Più recentemente, il concetto di autotossicità è stato reinterpretato ed approfondito sulla base della scoperta del ruolo inibitorio e specie specifico del DNA extracellulare. Questa teoria è rappresentata nel video divulgativo recentemente pubblicato, che descrive il ciclo del DNA extracellulare negli ecosistemi e la sua ipotizzata capacità di determinare la stanchezza del terreno nei sistemi agrari.

Il video è stato realizzato dal gruppo di ricerca NoSelf, composto dai molti ricercatori afferenti ad Università Italiane ed estere, che in questi anni hanno approfondito i meccanismi biologici e le potenzialità applicative dell'inibizione da self-DNA.

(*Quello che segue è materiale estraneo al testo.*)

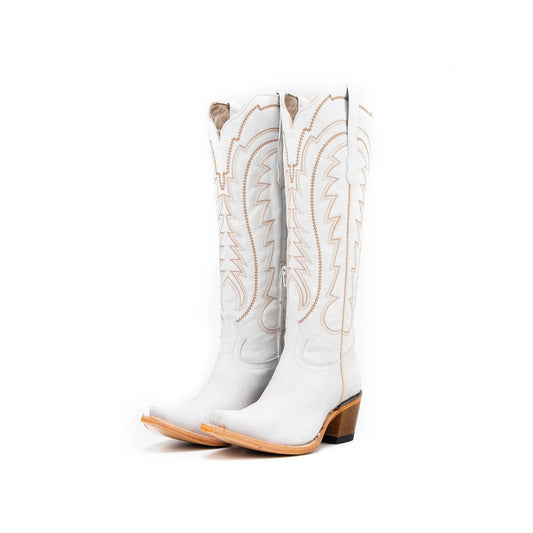 White Snip-Toe Embroidery Half-Zip Knee High Classic Cowgirl Boots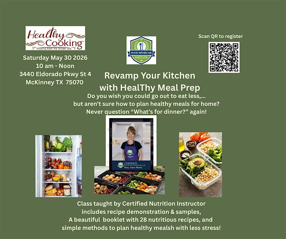 Join Mary Anne, a certified Nutritionist, as she teaches our award-winning strategy on meal prepping! Learn how to put meals together and how to pair different recipes so you always have variety! You'll never be bored of eating the same old foods again. Class includes nutrition information, 4 weeks of meal plans and recipes, plus delicious food samples!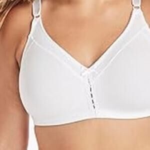 New Bali Womens 36D White Stretch Cotton Double Support Wire-Free Hook Eye Bra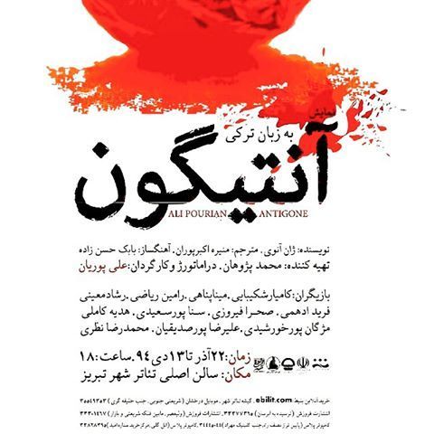 نمایش “آنتیگونه” به تهیهکنندگی محمد پژوهان و اهنگسازی بابک حسنزاده از ۲۲ اذرماه تا ۱۳ دی ماه هر روز از ساعت ۱۸ در سالن اصلی تئاتر شهر تبریز به روی صحنه میرود.

Nel corso degli anni, lo stesso gruppo di ricerca, oltre ad approfondire il tema della stanchezza del terreno, ha evidenziato che l'inibizione da self-DNA sarebbe un fenomeno che riguarda non solo le piante, ma anche animali e funghi. Questa ulteriore teoria è alla base dello sviluppo della strategia di biocontrollo in agricoltura, basata sull'utilizzo del DNA delle specie indesiderate, siano essi funghi, insetti o piante. Si ritiene infatti che il DNA prelevato da un certo parassita o patogeno potrebbe essere utilizzato come principio attivo per inibire e controllare esclusivamente l'organismo target, in modo del tutto naturale e innocuo per le altre specie.

La scoperta del ruolo inibitorio del self-DNA permetterebbe di sviluppare strategie agronomiche più efficaci, ispirate alla biodiversità e agli equilibri degli ecosistemi naturali, senza effetti indesiderati sull'uomo e sull'ambiente.